GRANT OF RESTRICTED SHARE UNITS

PURSUANT TO THE 2015 EQUITY INCENTIVE PLAN

 

Pursuant to Rule 17.06A, Rule 17.06B and Rule 17.06C of the Listing Rules, the Board announces that on April 9, 2024, the Company has resolved to grant 90,000 RSUs to two employees of the Group to subscribe for an aggregate of 90,000 Class A Ordinary Shares under the 2015 Equity Incentive Plan, subject to respective acceptance by the Grantees.

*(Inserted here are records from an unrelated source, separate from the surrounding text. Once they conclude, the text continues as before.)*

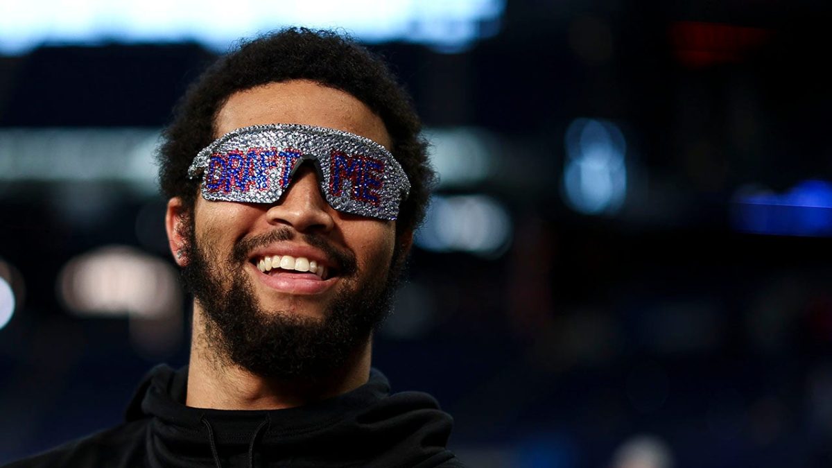 Southern California’s Caleb Williams smiles while wearing “Draft Me” sunglasses during the NFL Combine at the Indiana Convention Center on March 2, 2024 in Indianapolis. (Kevin Savitas/Getty Images)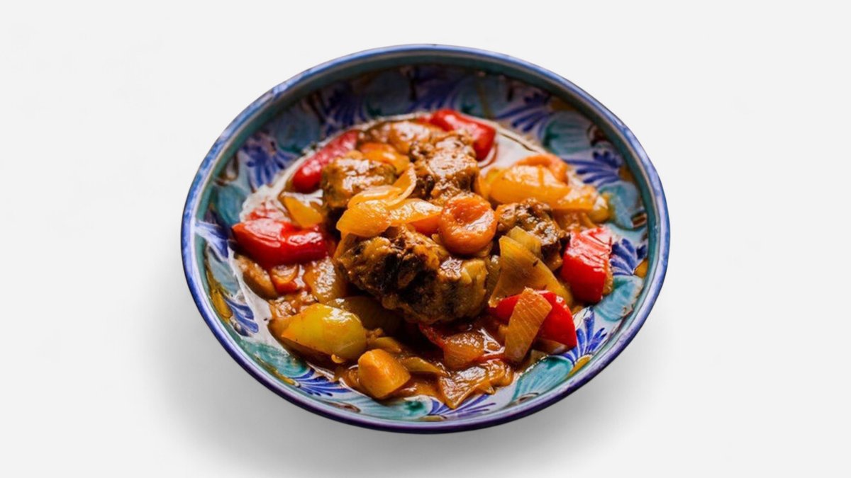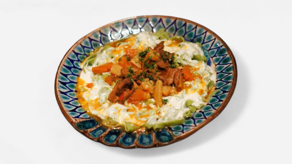 Баранина, тушёная с болгарским перцем, морковью и картофелем, подаётся на тоненьком отварном тесте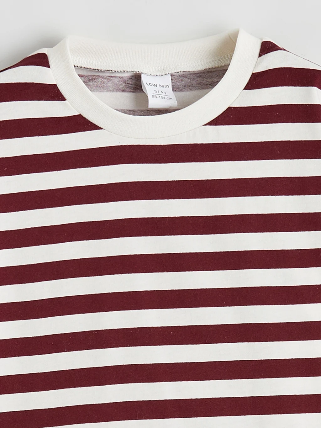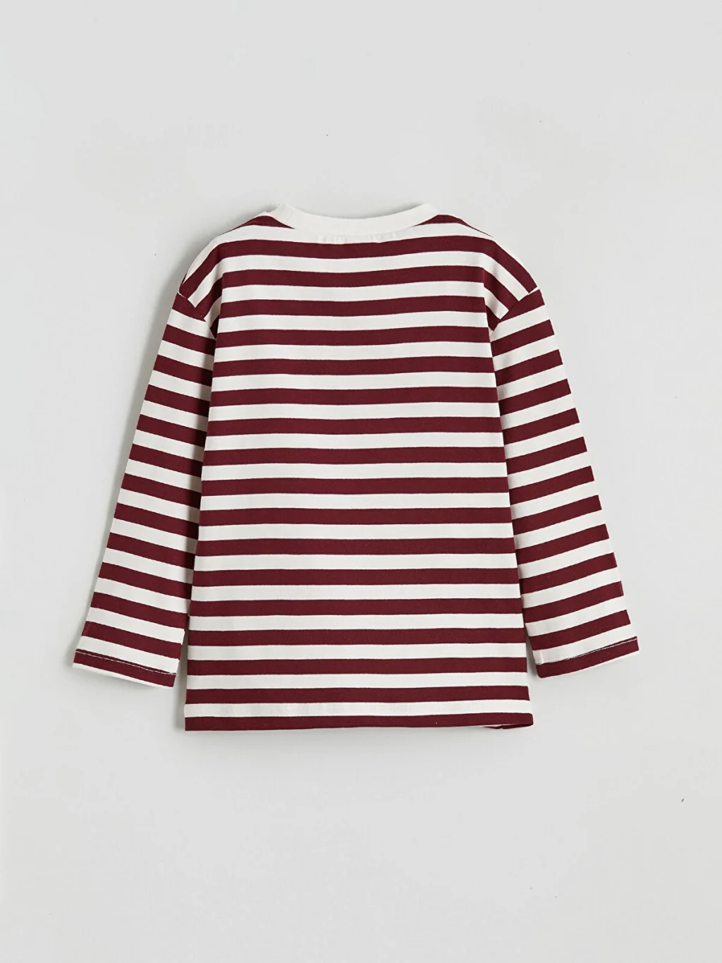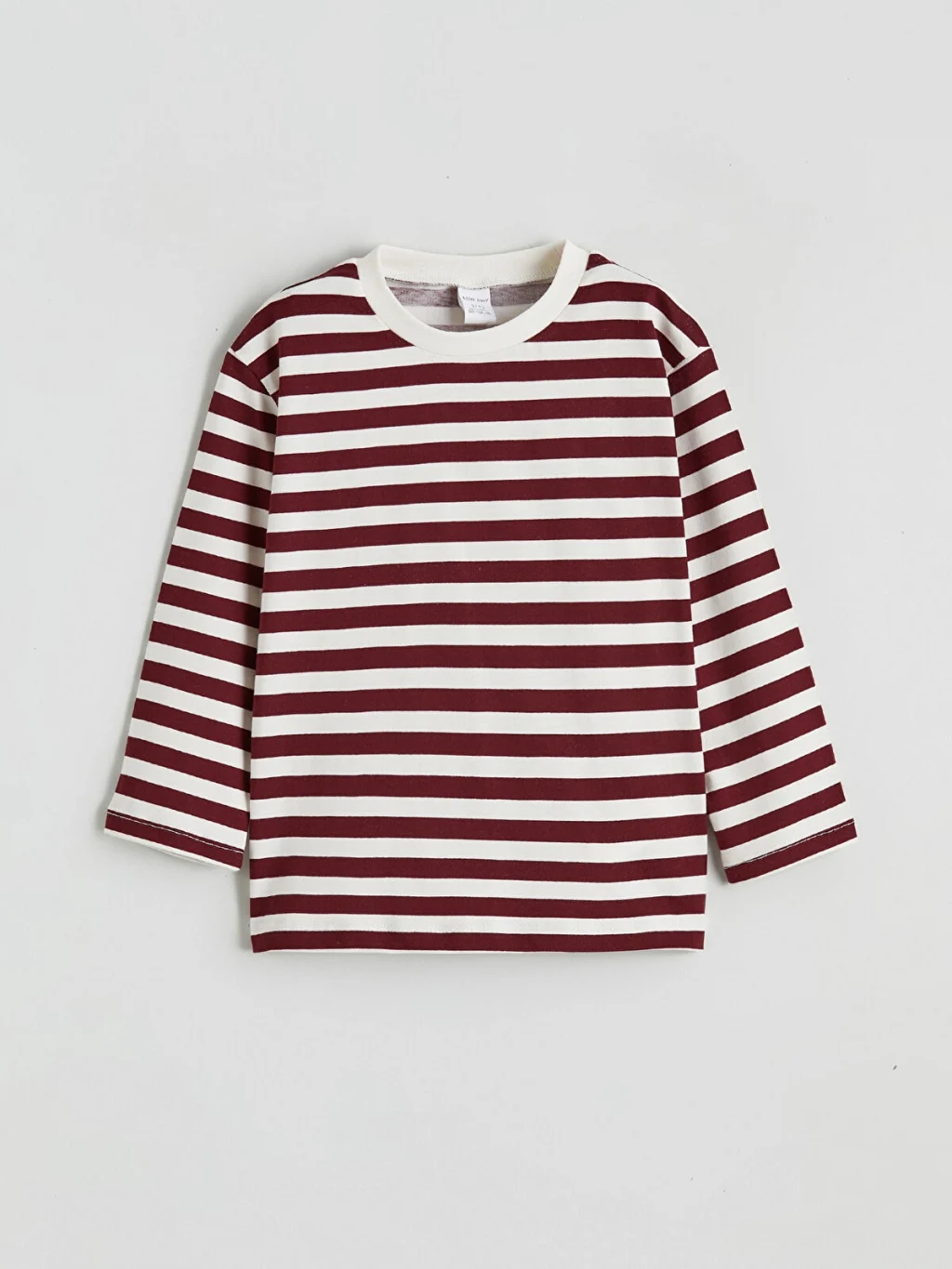 Erkek bebek için tasarlanan tişört, ribana detaylı bisiklet yakalı ve uzun kolludur. Ürün, enine çizgili desene sahiptir.

The Grants are subject to the terms and conditions of the 2015 Equity Incentive Plan and the award agreements entered into between the Company and each of the Grantees.

 

Details of the Grants are set out below:

 

Date of the Grants: : April 9, 2024 (after trading hours during Hong Kong Time)
   
Grantees : Two employees of the Group, who are eligible participants pursuant to the 2015 Equity Incentive Plan
   
Aggregate number of
Class Ordinary
Shares underlying the
RSUs granted
: 90,000
   
Purchase price of the
RSUs granted
: Nil
   
Market price of the
Class A Ordinary Shares
or ADSs on the date
of the Grants
:

HK$13.86 per Class A Ordinary Share, for Class A Ordinary Shares traded on The Stock Exchange of Hong Kong Limited on April 9, 2024 (Hong Kong Time).

 

US$1.77 per ADS, for ADSs traded on the New York Stock Exchange on April 8, 2024 (U.S. Eastern Time), being the trading day on the New York Stock Exchange immediately preceding the date of the Grants.

 

* For identification purposes only There was no arrangement for the Company or any of its subsidiaries to provide financial assistance to Grantees to facilitate the purchase of Shares underlying the RSUs in relation to the Grants.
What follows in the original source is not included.